How did you become military governor of Western Region? What were your challenges ruling an entity today seen as six states of the Southwest?

I had no challenges at all. First of all, the first military coup took place in January 1966. I had just handed over as Chief of Staff, Army Headquarters to somebody else and I was sent on a course to Imperial Defence College, England, which started in January. Seven weeks after I handed over and I was on that course in England, the coup of January took place and General Aguiyi Ironsi, who was then the most senior amongst us, took over as the military Head of State. Then, from the Imperial Defence College, where I was, we were going on a world tour and it was then the military government came to power in my home country, Nigeria. I wanted to know what the foreign policy of my country under General Ironsi regime would be so that I could tell them in countries we would visit during the world tour from the Imperial Defence College in England. So I had to get in touch with Brigadier Ogundipe, who was then the Chief of Staff at the Army Headquarters that I would like to come home to ask from the Commander-in-Chief about the foreign policy of our country and so I was asked to come.

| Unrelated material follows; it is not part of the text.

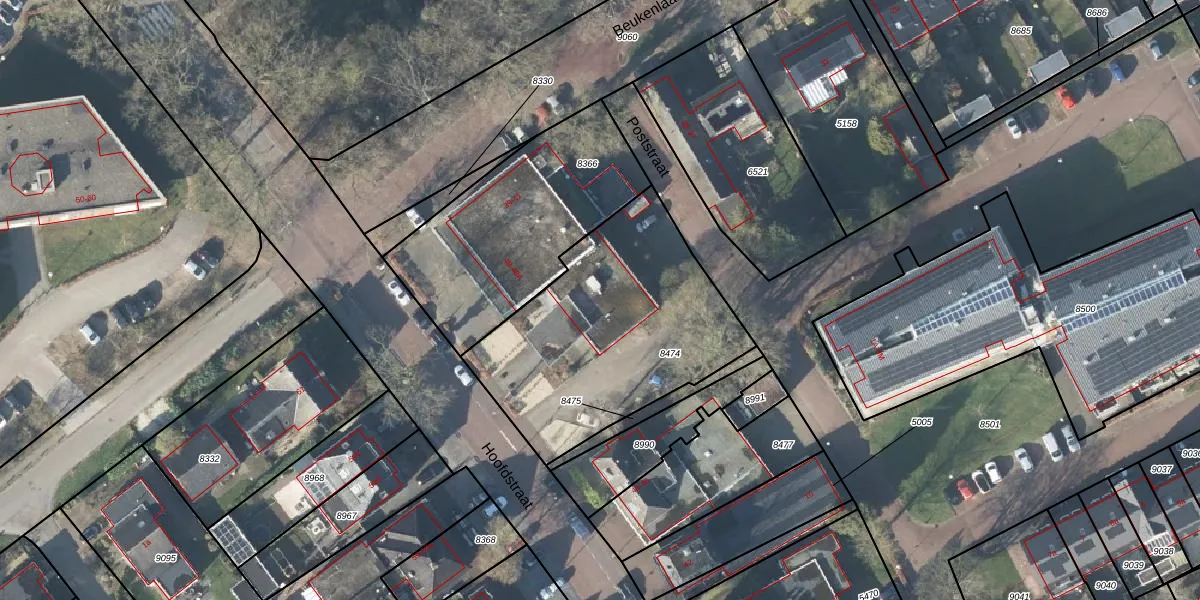 Gebruik de zoekbalk of klik op een perceel voor informatie over de adressen binnen dit perceel.
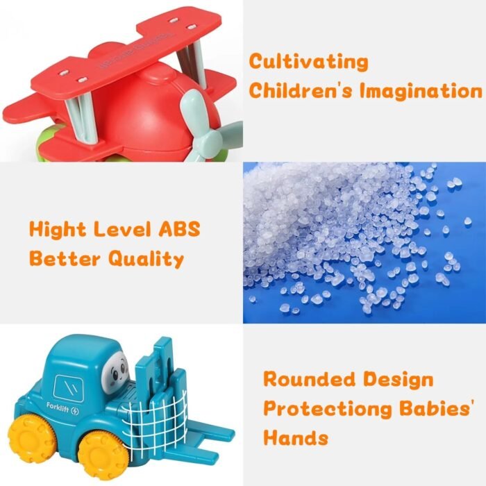 High Quality ABS: Premium Quality & Child-Safe Materials Give You Peace of Mind. We prioritize your child’s safety. These toy trucks for toddlers are made from high-quality, non-toxic ABS plastic with smooth edges to prevent little hands from getting hurt. They are durable and sturdy, built to withstand rough imaginative play and last for years. Conforms to ASTM F963 and CPSIA safety standards.

I left UK on the 28th of July that 1966 by the Nigerian Airways which would leave UK in the night and you arrive Nigeria the following morning. So I came to Nigeria on the morning of 29th of July and the (second) coup took place that night, while Ironsi was visiting Ibadan, Western Region and unfortunately the Head of State, Ironsi, was killed during the coup in Ibadan with his host military governor of Western Region at that time, Lt. Col. Francis Adekunle Fajuiyi. They were both killed during the coup and that was how I couldn’t go back for that course anymore because there was confusion. You don’t know what to do and being a very senior officer in the Nigerian Army then, having been the first Chief of Staff at the Army Headquarters and I was visiting the Head of State then to know what the foreign policy of the country under his regime was and I couldn’t see him. So I had to go round to see other people including our civilian elders: Pa Adetokunbo Ademola, Dr. Majekodunmi, Chief S. L. Edu and others. They decided that I shouldn’t go back to England being more or less the most senior officer then and being somebody they all knew, that it would be easier for me to be at home and take part in the new government. And knowing so well that I was the only Army senior officer of Yoruba extraction they knew then, they pleaded that I should stay back and take over as a military governor.

 

Being the most senior officer, why were you not picked as Head of State to succeed General Ironsi?

We discussed it for a long time. Then the Northerners decided that Gowon should take over although I was senior to Gowon. Even Francis Adekunle Fajuyi that had just been killed in the coup, I was senior to him too. With all due respect, Gowon was working under me before I left for Imperial Defence College in England but the North felt that it was their turn to take over as the Head of State and I felt I couldn’t work under Gowon because he was junior to me. Then our elders started pleading with me that I should be the governor of the Western Region being the most senior officer of the Yoruba people in the Army.

 

What was your rank in the Army then?

I was a full colonel and Gowon was lieutenant colonel. So we were holding that discussion for about three or four days. Eventually, they convinced me because they pleaded with me that I should take over the governorship of Western Region, to which I agreed and took over on the 4th of August, 1966.

 

What achievements could you show for your four years administration of Western Region?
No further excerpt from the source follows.